Luka Doncic, 18, with his idol and mentor, Heat guard Goran Dragic.

Miami Heat guard Goran Dragic was the best player at the European Basketball championships this summer.

Dragic led Slovenia to a 9-0 record and its first ever European title, averaging team highs of 22.6 points and 5.1 assists. He was named the tournament’s MVP.

But the 31-year-old Dragic will be passing the torch to a fellow countryman, a teenager, who has become a household name in Europe and, likely, soon far beyond those borders.

Luka Doncic is an 18-year-old prodigy who averaged 14.3 points, 8.1 rebounds and 3.6 assists while teaming with Dragic, his mentor, to bring Slovenia the championship. He is 6-foot-8, 228 pounds and could be in the conversation as the No. 1 pick in the 2018 NBA draft.

And few know Doncic like Dragic, who not only played with him this summer but also was a teammate of Doncic’s father, Sasa, 10 years ago while playing in Slovenia on a team in which young Luka was the ball boy. Dragic and Sasa played together for three years.

“Even at that age you could see he had a great feeling for the ball like his dad,” Dragic told ESPN  before scoring 35 points to lead Slovenia to a 93-85 victory over Serbia in the championship game Sunday. Dragic was named the tournament’s MVP.

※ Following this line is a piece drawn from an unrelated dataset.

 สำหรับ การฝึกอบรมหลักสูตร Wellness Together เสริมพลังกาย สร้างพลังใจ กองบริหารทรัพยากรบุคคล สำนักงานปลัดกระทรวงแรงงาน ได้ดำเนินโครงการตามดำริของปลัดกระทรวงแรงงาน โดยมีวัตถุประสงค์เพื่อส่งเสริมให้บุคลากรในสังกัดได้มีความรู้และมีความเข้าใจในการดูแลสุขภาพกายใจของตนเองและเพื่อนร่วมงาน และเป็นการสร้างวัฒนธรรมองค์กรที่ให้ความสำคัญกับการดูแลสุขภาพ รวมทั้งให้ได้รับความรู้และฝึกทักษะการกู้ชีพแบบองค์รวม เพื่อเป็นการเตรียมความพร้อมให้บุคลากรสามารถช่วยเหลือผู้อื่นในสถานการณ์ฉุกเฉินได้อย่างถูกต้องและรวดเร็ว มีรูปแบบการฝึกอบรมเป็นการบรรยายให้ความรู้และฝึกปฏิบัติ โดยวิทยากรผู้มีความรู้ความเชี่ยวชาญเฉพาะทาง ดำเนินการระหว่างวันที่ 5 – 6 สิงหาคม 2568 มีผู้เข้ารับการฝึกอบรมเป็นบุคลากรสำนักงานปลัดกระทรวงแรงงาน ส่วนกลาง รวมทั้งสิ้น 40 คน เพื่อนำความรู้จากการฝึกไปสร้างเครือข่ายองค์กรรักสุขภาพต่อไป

“He would always sit under the basket. Every time at halftime when we came out from the locker room he would always be shooting the ball. I always have this memory.”

Doncic is a combo guard with skills and a knowledge of the game that has always far exceeded his age. He has dominated leagues in Europe since he was 8-years-old, most often against players much older, and most recently has honed his game while playing for powerhouse Real Madrid in Spain.

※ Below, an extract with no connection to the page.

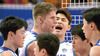 삼성화재 박철우가 2세트 블로킹으로 한국전력 공격을 차단한 뒤 환호합니다.
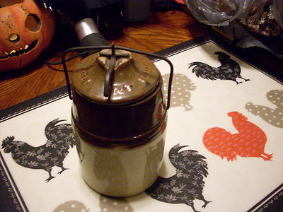 Title (ebay affiliate link): Nice vintage The Weir two toned, dark brown and beige canning jar, wire handle

Doncic’s coming out party was this summer’s tournament, which provided the highest level of competition in his young career. His signature game was Slovenia’s quarterfinals win over Latvia and Kristaps Porzingis when he scored 27 points. In the semifinals against a loaded Spain team with NBA players like Pau Gasol, Marc Gasol and Ricky Rubio, he had 11 points, 12 rebounds and eight assists in Slovenia’s upset win.

Doncic left Sunday’s final in the third quarter after spraining his ankle. He finished with eight points and seven rebounds in 23 minutes.

“I’ve seen a lot of players, they get hyped and then they kind of lose control,” Dragic said. “It gets in their heads. In a few years you don’t even hear from them anymore. I don’t think that’s going to happen with Luka.”